- **What to work on**:
Once the line containing "Министерством профессионального образования" is found in the data below, repeat it and every later line exactly, leaving the pictures out.

- **Collected material**:
........

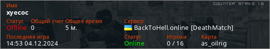 Играет на Counter Strike 1.6 сервере. Страна: УкраинаПервый раз замечен 13:53 04.12.2024
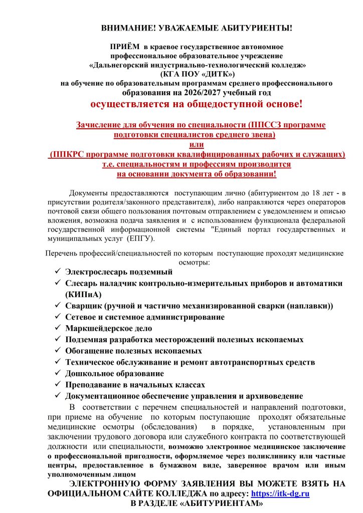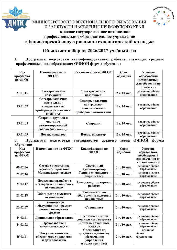 Министерством профессионального образования и занятости населения Приморского края определены контрольные цифры приёма в КГА ПОУ «ДИТК» на 2026/2027 учебный год – 310 человек
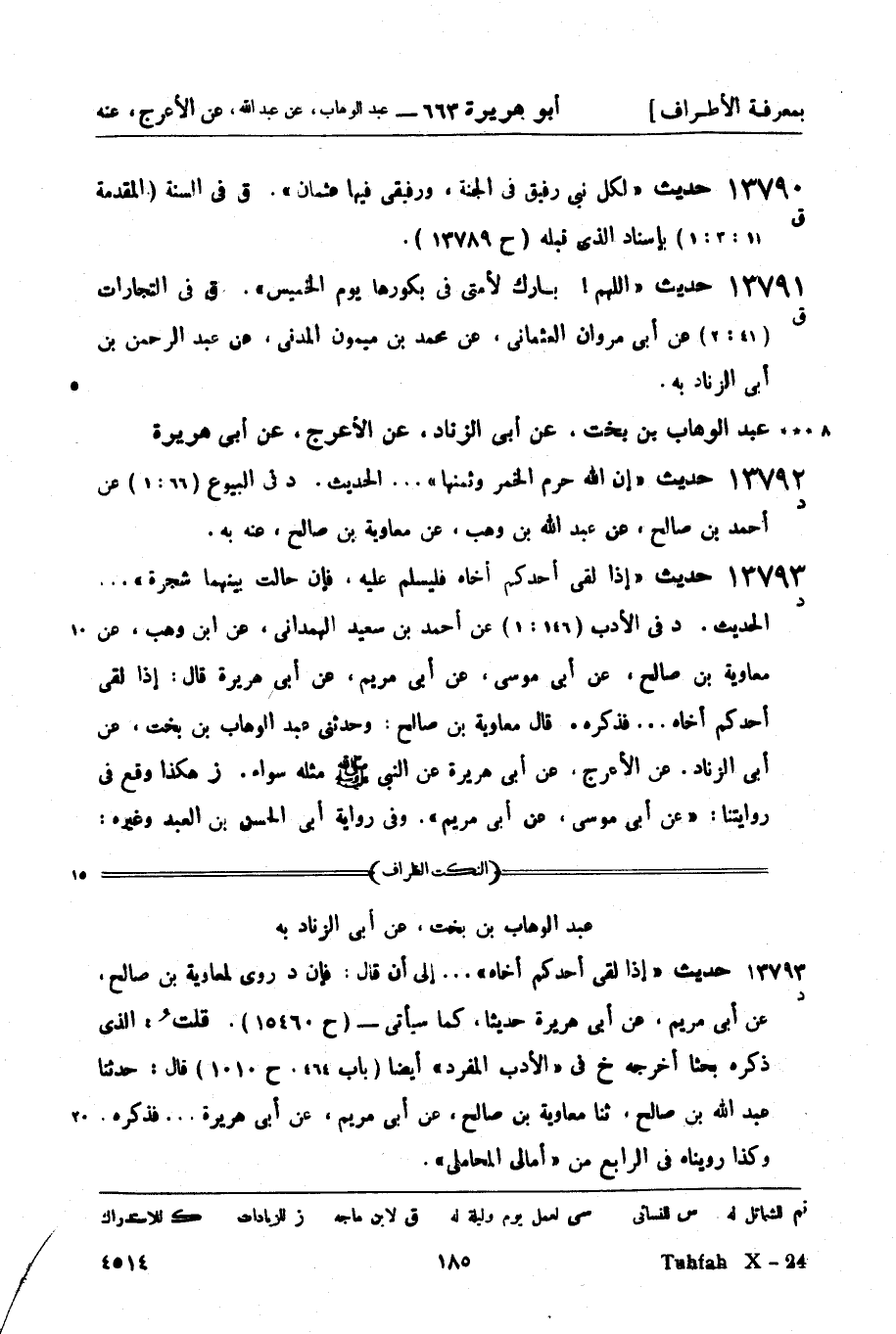 عبد الوهاب بن بخت، عن أبي الزناد، عن الأعرج، عن أبي هريرة

........

- **Exercise solution**:
 Министерством профессионального образования и занятости населения Приморского края определены контрольные цифры приёма в КГА ПОУ «ДИТК» на 2026/2027 учебный год – 310 человек
 عبد الوهاب بن بخت، عن أبي الزناد، عن الأعرج، عن أبي هريرة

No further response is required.